In anesthesia, neuromuscular blocking agents may be required to facilitate endotracheal intubation and provide optimal surgical conditions. When neuromuscular blocking agents are administered, neuromuscular function of the patient must be monitored. Neuromuscular function monitoring is a technique that involves the electrical stimulation of a motor nerve and monitoring the response of the muscle supplied by that nerve. It may be used from the induction of to recovery from neuromuscular blockade. Importantly, it is used to confirm adequacy of recovery after the administration of neuromuscular blocking agents. The response of the muscles to electrical stimulation of the nerves can be recorded subjectively (qualitative) or objectively (quantitatively). Quantitative techniques include electromyography, acceleromyography, kinemyography, phonomygraphy and mechanomyography. Neuromuscular monitoring is recommended when neuromuscular-blocking drugs have been part of the general anesthesia and the doctor wishes to avoid postoperative residual curarization (PORC) in the patient, that is, the residual paralysis of muscles stemming from these drugs.

When train of four monitoring is "used continuously, each set (train) of stimuli normally is repeated every 10th to 12th second. Each stimulus in the train causes the muscle to contract, and 'fade' in the response provides the basis for evaluation." These sets are called trains because their shape bears the resemblance of a train. In train of four monitoring, "peripheral nerve stimulation can ensure proper medication dosing and thus decrease the incidence of side effects" by "assessing the depth of neuromuscular blockade".

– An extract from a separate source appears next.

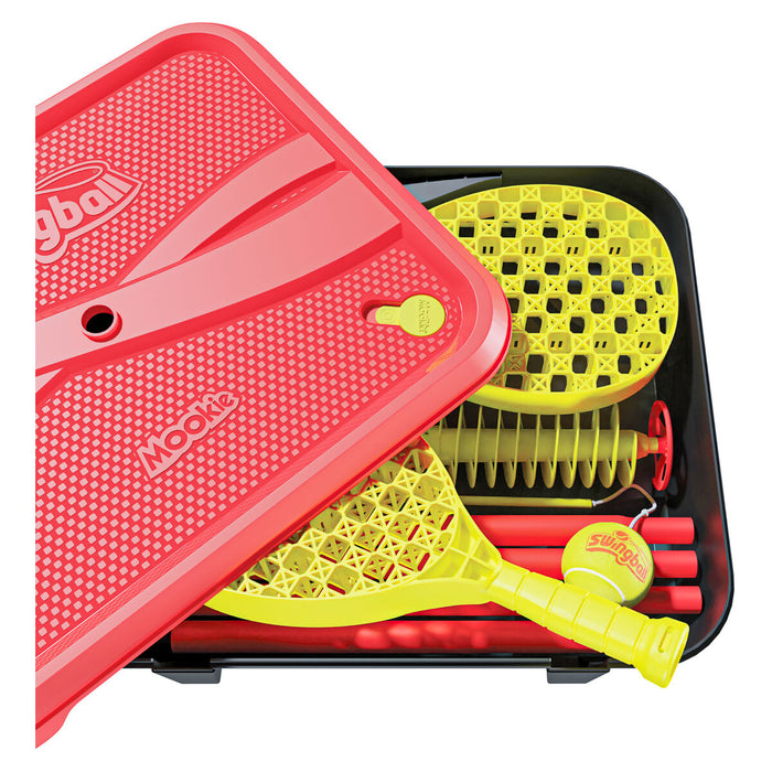 A hit with families for generations, the Swingball Classic All Surface is the game where you compete to get the ball to the top or bottom of the spiral to win. It comes with a real tennis ball, 2 championship bats, and a height adjustable pole up to 1.65 metres. New and improved all surface base contains an integrated handle for easy portability and a water plug to avoid any spillages when filling up your base. The All Surface base has balancing feet for stable gameplay and converts to become a handy carry case to pack everything away making it easy to take wherever you go. Swingball isn’t just for the back garden; with the all surface base you can play anywhere on any surface. Simply fill the base with sand or water and then you are ready to go.

Before the patient is fully awake, voluntary muscle testing is not possible and indirect clinical tests, such as apparent muscle tone and pulmonary compliance, can be affected by factors other than PORC. Direct neuromuscular monitoring avoids these problems and allows the doctor to remedy PORC before it becomes a source of patient distress.

== Patterns of nerve stimulation ==
Various nerve stimulation patterns may be used in neuromuscular function monitoring and the response to these stimulation patterns is used to assess the depth of neuromuscular blockade.

Some patterns of stimulation used today include, single twitch (ST), train-of four (TOF), double burst stimulation (DBS), tetanic stimulation

and the post tetanic count.

== Monitoring the response of the muscle to nerve stimulation ==
The response of the muscle to stimulation of the nerve supplying it can be assessed by subjective (visual or tactile) techniques or quantitative (objective) devices that provide a numeric value relating to the depth of neuromuscular blockade.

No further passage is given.